======== Extracted material ========

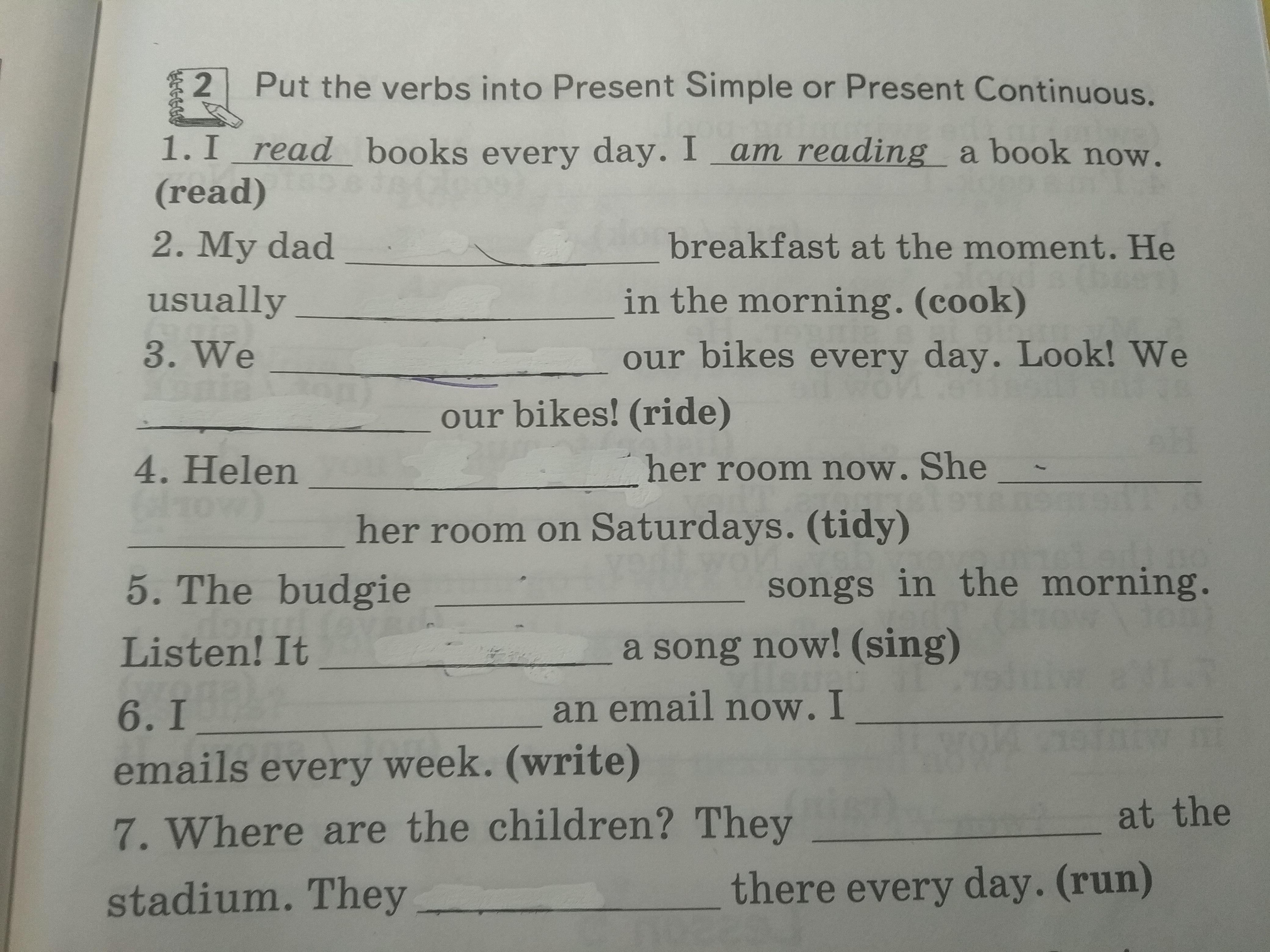 Helen is tidying her room now. She tidies her room on Saturdays.
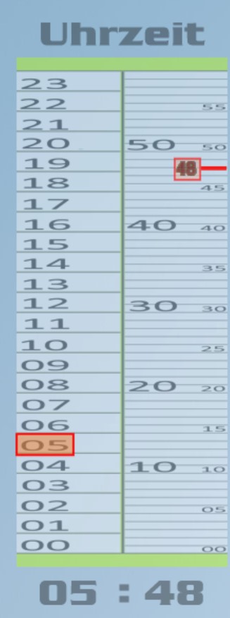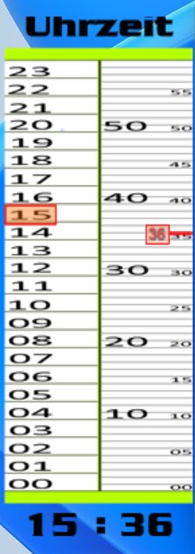 Links sehen Sie die Stunden die mit einem roten Balken unterlegt die aktuelle Stunde anzeigen. Rechts die Minuten ebenfalls in der Anzeige der aktuellen Minute mit einem roten Balken unterlegt. Die 10er Teilung der Minuten dient der Erkennbarkeit wenn Sie das Widget skalieren!
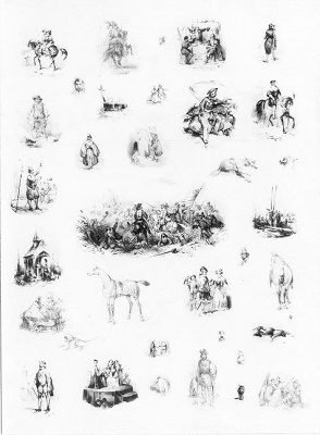 - Studieblad met landschapstudies en historiestudies, enkele paarden etc. in het midden een veldslag, 1844 - 1903
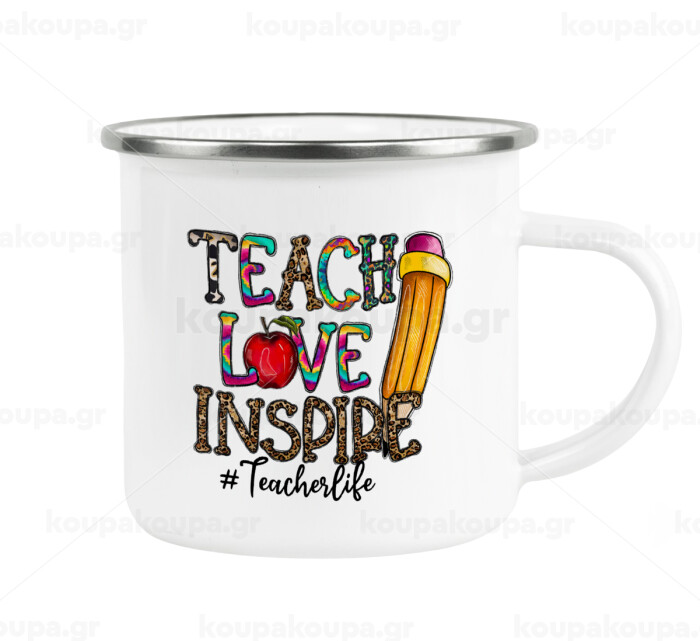 Teach, Love, Inspire, Metallic enamel cup white 360ml
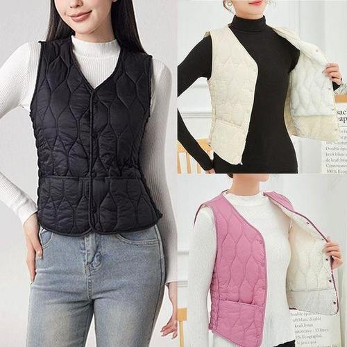 1+1 가을 겨울 패딩 브이넥 조끼 도톰한 기모 슬림핏 램스울 보온 베스트 여성용 학생 포근한 민소매 상의
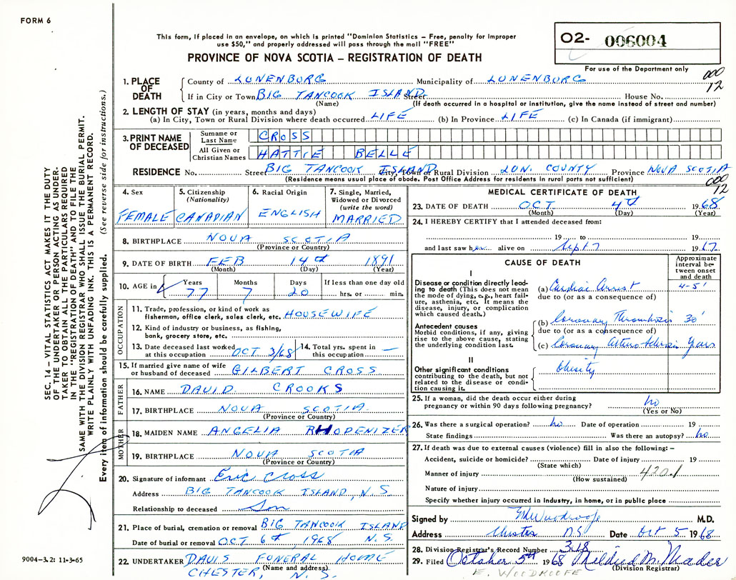 Death Registration: Year: 1968 number: 6004

========

- **What is needed**:
Skipping all pictures, set the listing down exactly as written.

- **Exercise result**:
 Helen is tidying her room now. She tidies her room on Saturdays.
 Links sehen Sie die Stunden die mit einem roten Balken unterlegt die aktuelle Stunde anzeigen. Rechts die Minuten ebenfalls in der Anzeige der aktuellen Minute mit einem roten Balken unterlegt. Die 10er Teilung der Minuten dient der Erkennbarkeit wenn Sie das Widget skalieren!
 - Studieblad met landschapstudies en historiestudies, enkele paarden etc. in het midden een veldslag, 1844 - 1903
 Teach, Love, Inspire, Metallic enamel cup white 360ml
 1+1 가을 겨울 패딩 브이넥 조끼 도톰한 기모 슬림핏 램스울 보온 베스트 여성용 학생 포근한 민소매 상의
 Death Registration: Year: 1968 number: 6004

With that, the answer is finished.